Placenta-Eating Mothers Face 'Witch Hunt' as Trend Takes Off

Independent Placenta Encapsulation Network
The Independent Placenta Encapsulation Network believes that at least a thousand new mothers ate their placentas last year. Independent Placenta Encapsulation Network

The number of UK mothers opting to consume their placenta after giving birth is higher than ever, according to one specialist organisation, at the same time that a crackdown by health officials is putting the practice in jeopardy.

The news comes in the same week that a self-described "licensed placenta encapsulation specialist" in Swindon was investigated by public health officials for making smoothies from raw human placenta for new mothers.

Kathryn Beale, 41, makes the drinks by blending fruit and juices with the placentas provided by her customers. As well as producing smoothies, the service also includes dehydrating placenta and grinding it into powder capsules. The encapsulation service costs £150, and the smoothie is £20 extra.

Swindon Borough Council is currently investigating Beale, concerned about her health and safety standards, but has been unable to secure a court order to halt her business.
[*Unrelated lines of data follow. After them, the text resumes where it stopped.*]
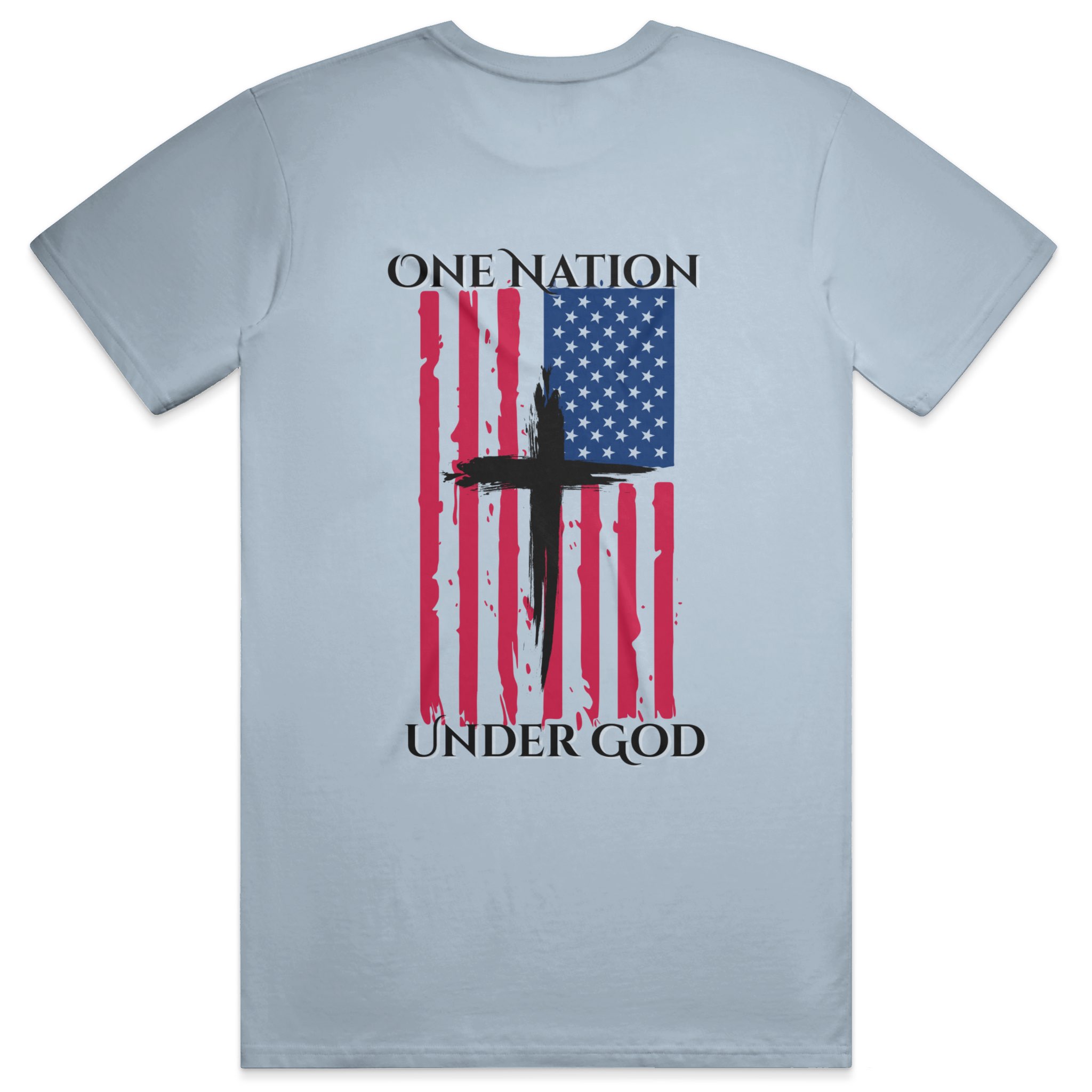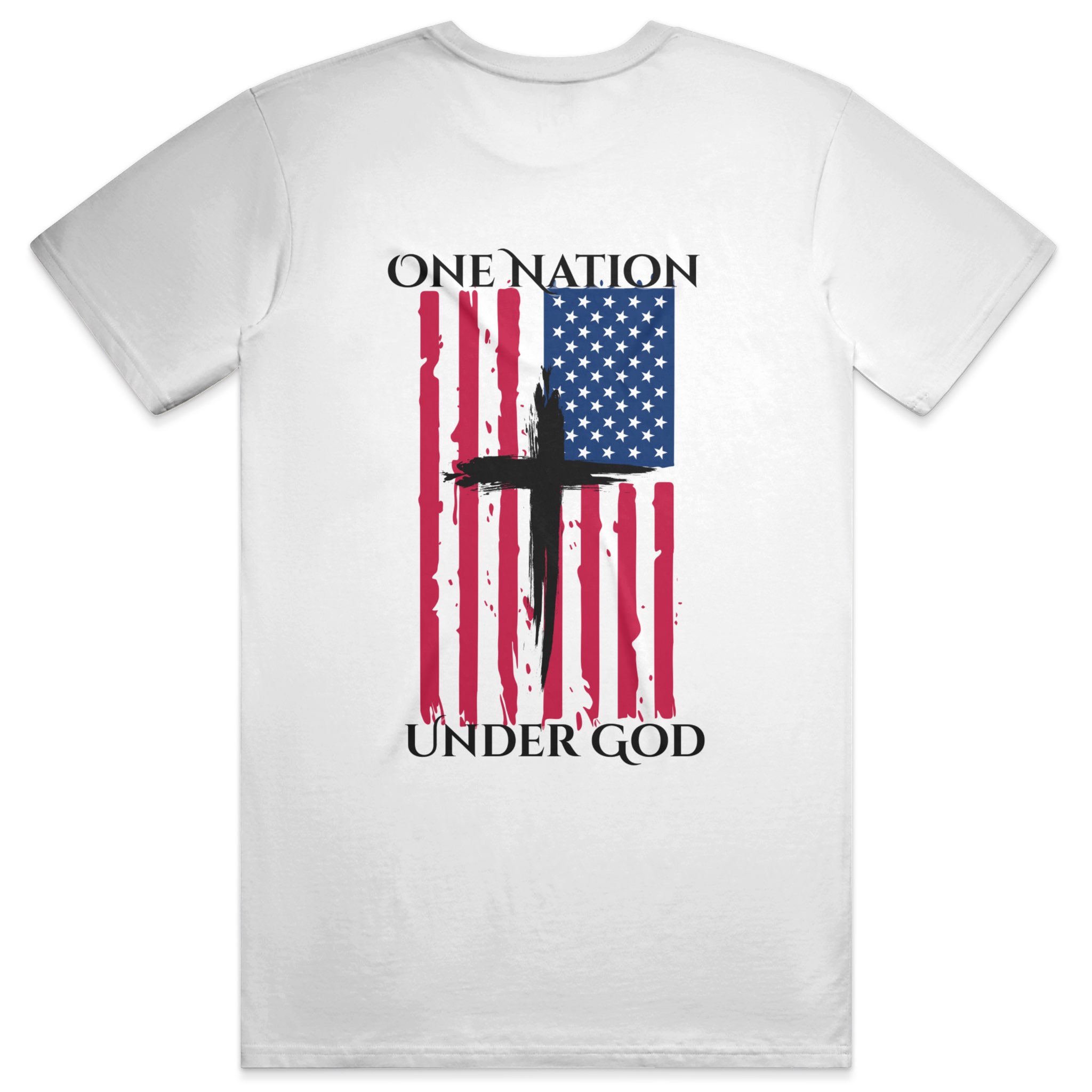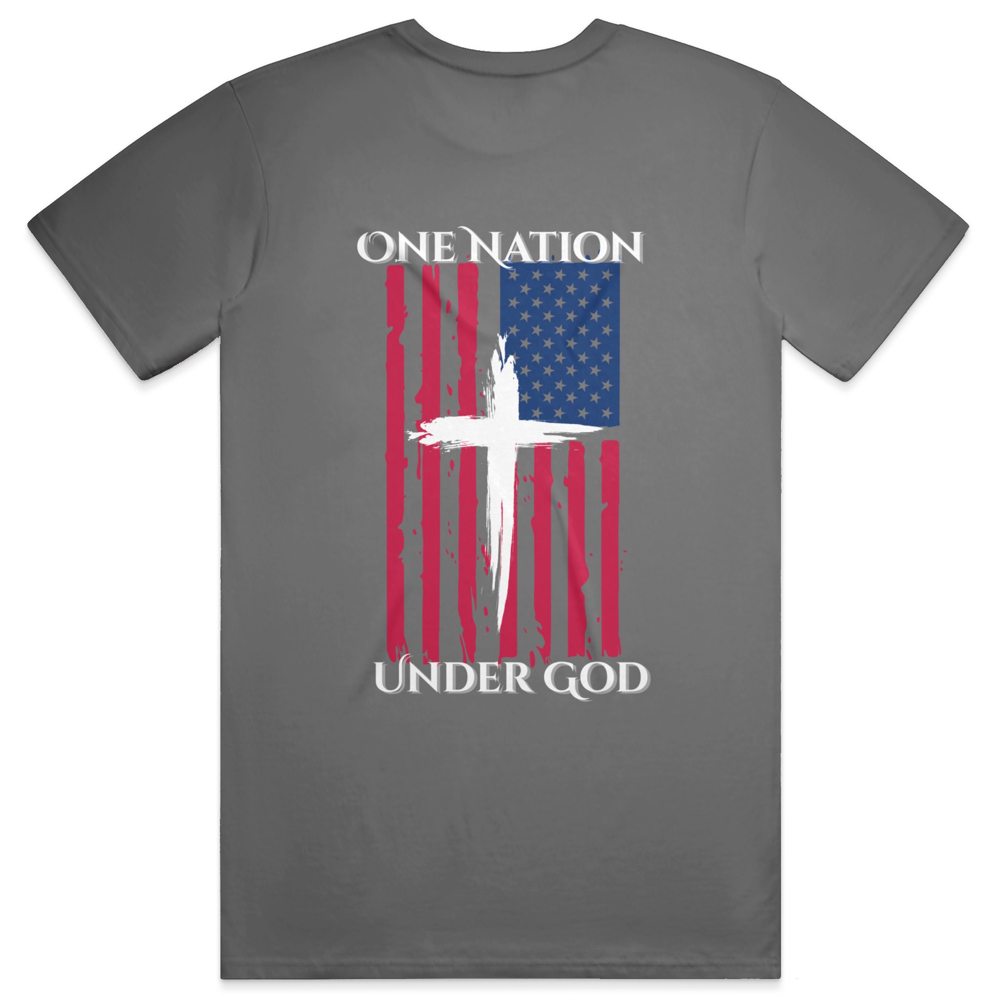 The back features a powerful image of the American flag blended with a white cross and the words “One Nation Under God” — a striking reminder of unity, faith, and freedom. On the front, a simple cross paired with the words “Trust in God” completes the message of devotion and strength.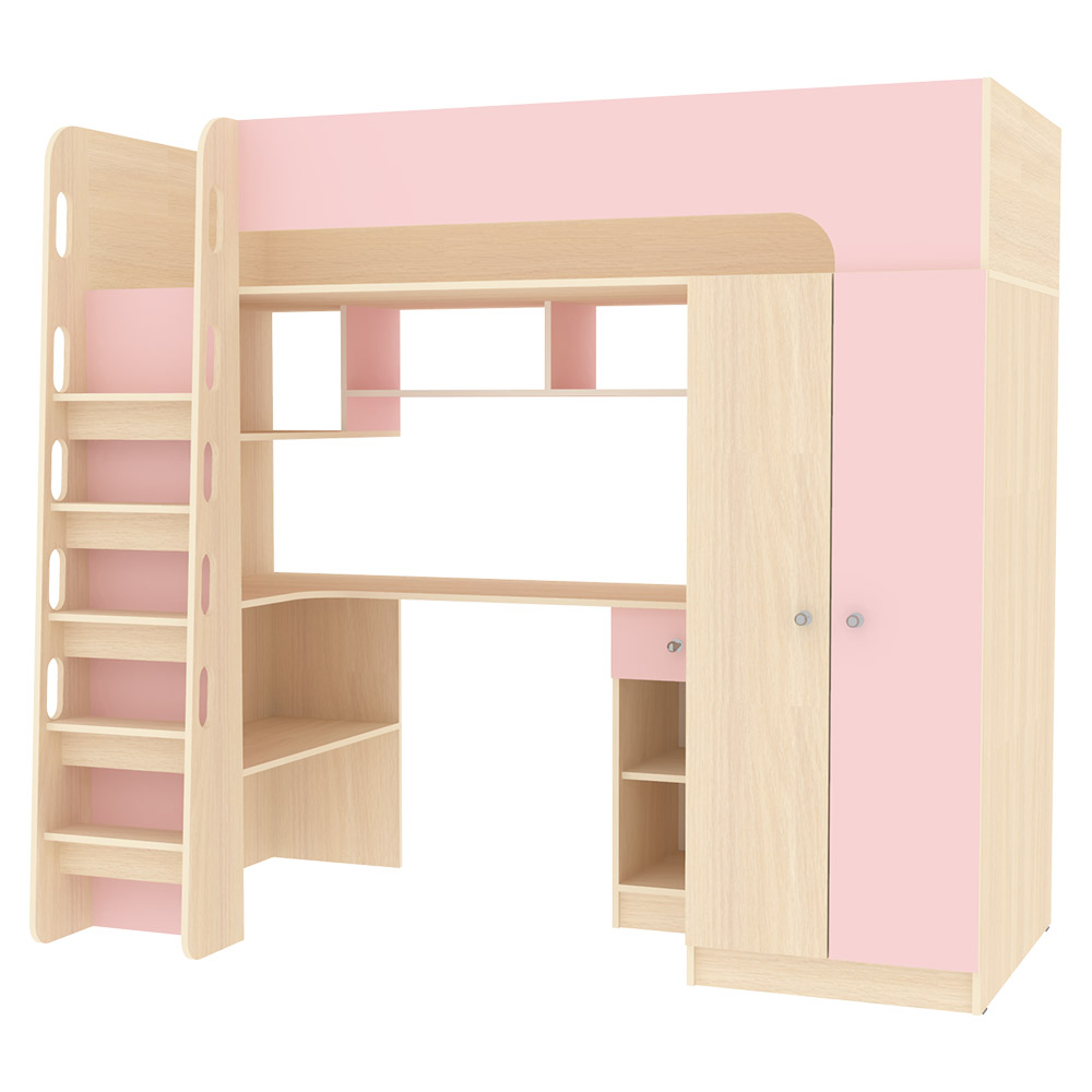 Кровать-чердак Астра 10 Дуб Молочный Розовый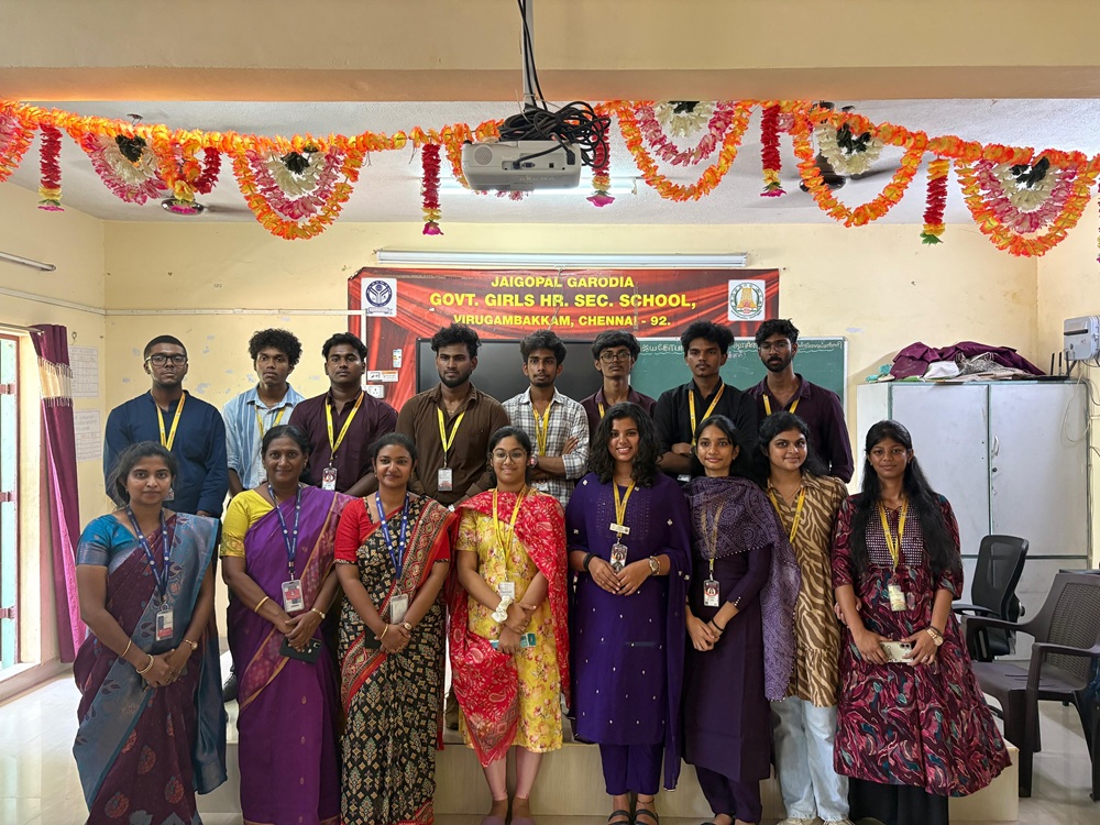 On 26-8-2025, an outreach program on "Edutech: Education Through Technology" was held at Jaigopal Garodia Government Girls School. The program was attended by 179 students from the 12th grade (Computer Science and Bio-Math group). The school's headmistress, Ms. Thamilarasi Kannan, welcomed the participants before handing the session over to the program's organizers. The event included various activities, such as career orientation, a technical quiz, and games. Students participated enthusiastically in all the activities.

Instead, Beale has decided to voluntarily close her practice until health inspectors are able to meet her.

However, according to Lynnea Shrief, company director of the Independent Placenta Encapsulation Network (Ipen) which trained Beale, the number of UK mothers choosing to opt for the practice is higher than ever. There are currently over 100 specialist consultants working for Ipen, including "midwives, doulas, birth support workers, holistic therapists and mothers" whose aim is to train and teach people about placenta encapsulation remedies.

Shrief estimates that more than a 1,000 British mothers a year choose to eat their placenta, a huge increase from 2010, when she estimates just a couple of hundred women were interested.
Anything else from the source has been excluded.